Items listed in a dataset
========================================================================

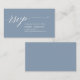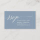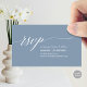 Esta es la tarjeta RSVP de la invitación clásica de la Boda moderna y elegante, con un tema polvoriento azul. Puede incluir el sitio web de su boda, el enlace web de RSVP y otros detalles.
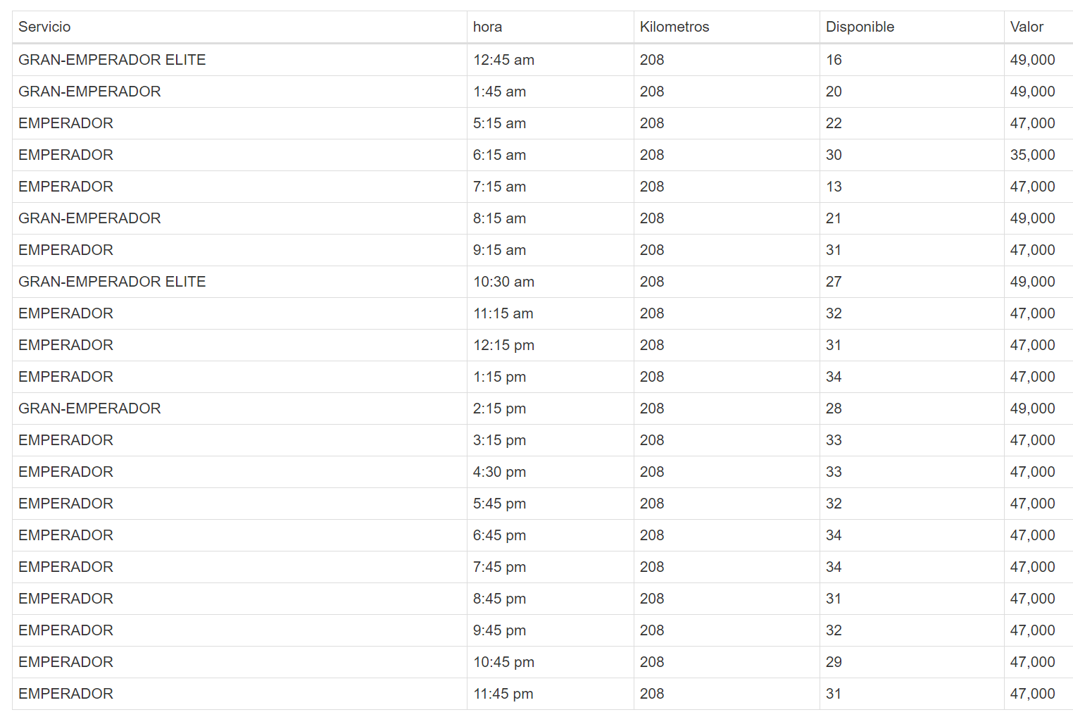 lunes a sábado: cada hora desde las 5:30 hasta las 17:30, último autobús a las 18:50Domingo
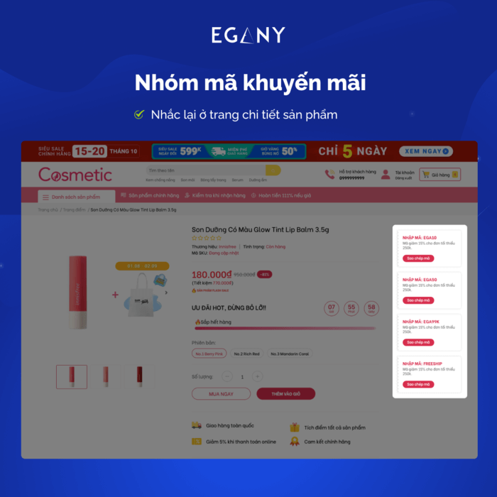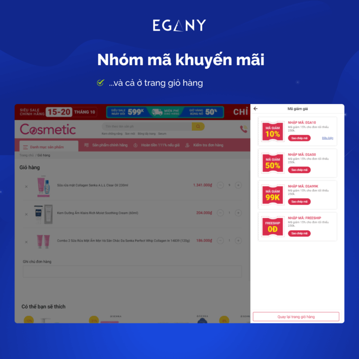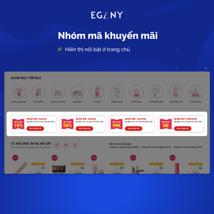 • Hiển thị nhóm mã khuyến mãi nổi bật ở trang chủ, danh sách sản phẩm, chi tiết sản phẩm và cả ở trang giỏ hàng → giúp chủ shop dễ dàng chốt đơn hàng hơn.
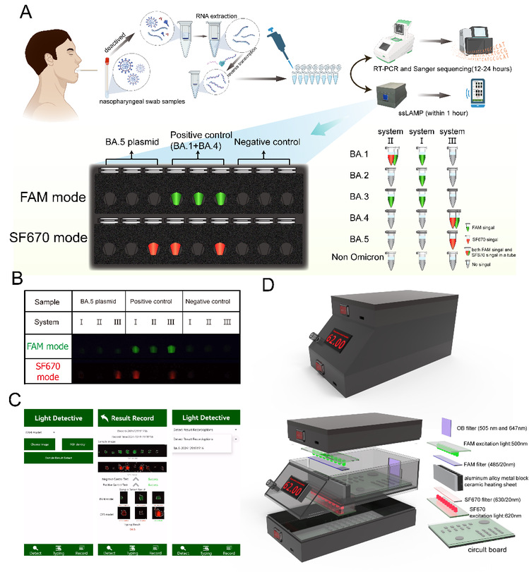 研究团队组通过创新引物设计思路,研究并建立了一种智能单环介导等温扩增技术(ssLAMP)。与传统LAMP方法不同,ssLAMP方法将引物组内一条环引物改造为线性引物,因此提供了更多的可放置SNP检测探针的区域。这种简化的引物组合也减少了引物组的复杂程度,使得多重检测的引物体系更容易实现,同时可以展现出与传统LAMP方法媲美的扩增效率和检测灵敏度。以新冠病毒S基因中不同的SNP位点作为检测靶标时,利用Rnase H2酶水解DNA-RNA复合体的特性,设计可识别对应SNP位点信息的检测探针,可以实现对新冠病毒奥密克戎变异株BA.1、BA.2、BA.3、BA.4和BA.5分支精准识别。进一步,为了实现ssLAMP对病原的现场化、智能化多重检测,研究人员研发了拥有恒温加热功能的FAM,SF670双荧光通道便携式检测设备,同时配套对应的结果智能分析手机APP,通过对不同反应管中不同荧光信号的HSV色域进行分析,可在1小时内实现对BA.1-BA.5不同变异株的精准智能多重检测。
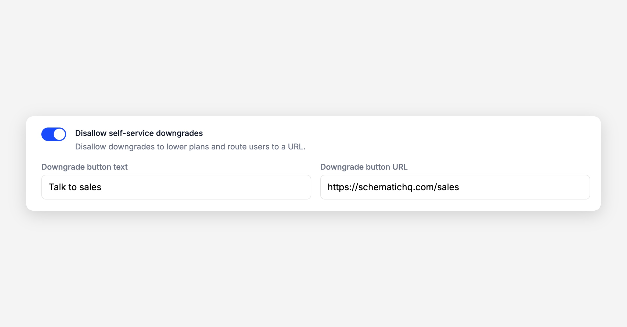 Disallow downgrades in checkout and instead send users to an outside page. Useful for sales-led environments where account expansion is self-service but account contraction is done with a rep. Configure in Catalog Configuration page.
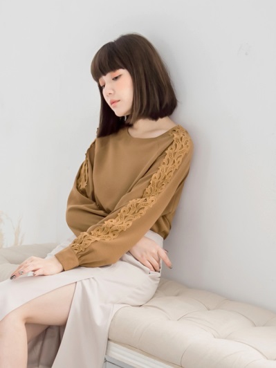 蕾絲布滾袖質感雪紡上衣

========================================================================

How to complete this task: Could you retype every record exactly, leaving the pictures out?

Task response:
 Esta es la tarjeta RSVP de la invitación clásica de la Boda moderna y elegante, con un tema polvoriento azul. Puede incluir el sitio web de su boda, el enlace web de RSVP y otros detalles.
 lunes a sábado: cada hora desde las 5:30 hasta las 17:30, último autobús a las 18:50Domingo
 • Hiển thị nhóm mã khuyến mãi nổi bật ở trang chủ, danh sách sản phẩm, chi tiết sản phẩm và cả ở trang giỏ hàng → giúp chủ shop dễ dàng chốt đơn hàng hơn.
 研究团队组通过创新引物设计思路,研究并建立了一种智能单环介导等温扩增技术(ssLAMP)。与传统LAMP方法不同,ssLAMP方法将引物组内一条环引物改造为线性引物,因此提供了更多的可放置SNP检测探针的区域。这种简化的引物组合也减少了引物组的复杂程度,使得多重检测的引物体系更容易实现,同时可以展现出与传统LAMP方法媲美的扩增效率和检测灵敏度。以新冠病毒S基因中不同的SNP位点作为检测靶标时,利用Rnase H2酶水解DNA-RNA复合体的特性,设计可识别对应SNP位点信息的检测探针,可以实现对新冠病毒奥密克戎变异株BA.1、BA.2、BA.3、BA.4和BA.5分支精准识别。进一步,为了实现ssLAMP对病原的现场化、智能化多重检测,研究人员研发了拥有恒温加热功能的FAM,SF670双荧光通道便携式检测设备,同时配套对应的结果智能分析手机APP,通过对不同反应管中不同荧光信号的HSV色域进行分析,可在1小时内实现对BA.1-BA.5不同变异株的精准智能多重检测。
 Disallow downgrades in checkout and instead send users to an outside page. Useful for sales-led environments where account expansion is self-service but account contraction is done with a rep. Configure in Catalog Configuration page.
 蕾絲布滾袖質感雪紡上衣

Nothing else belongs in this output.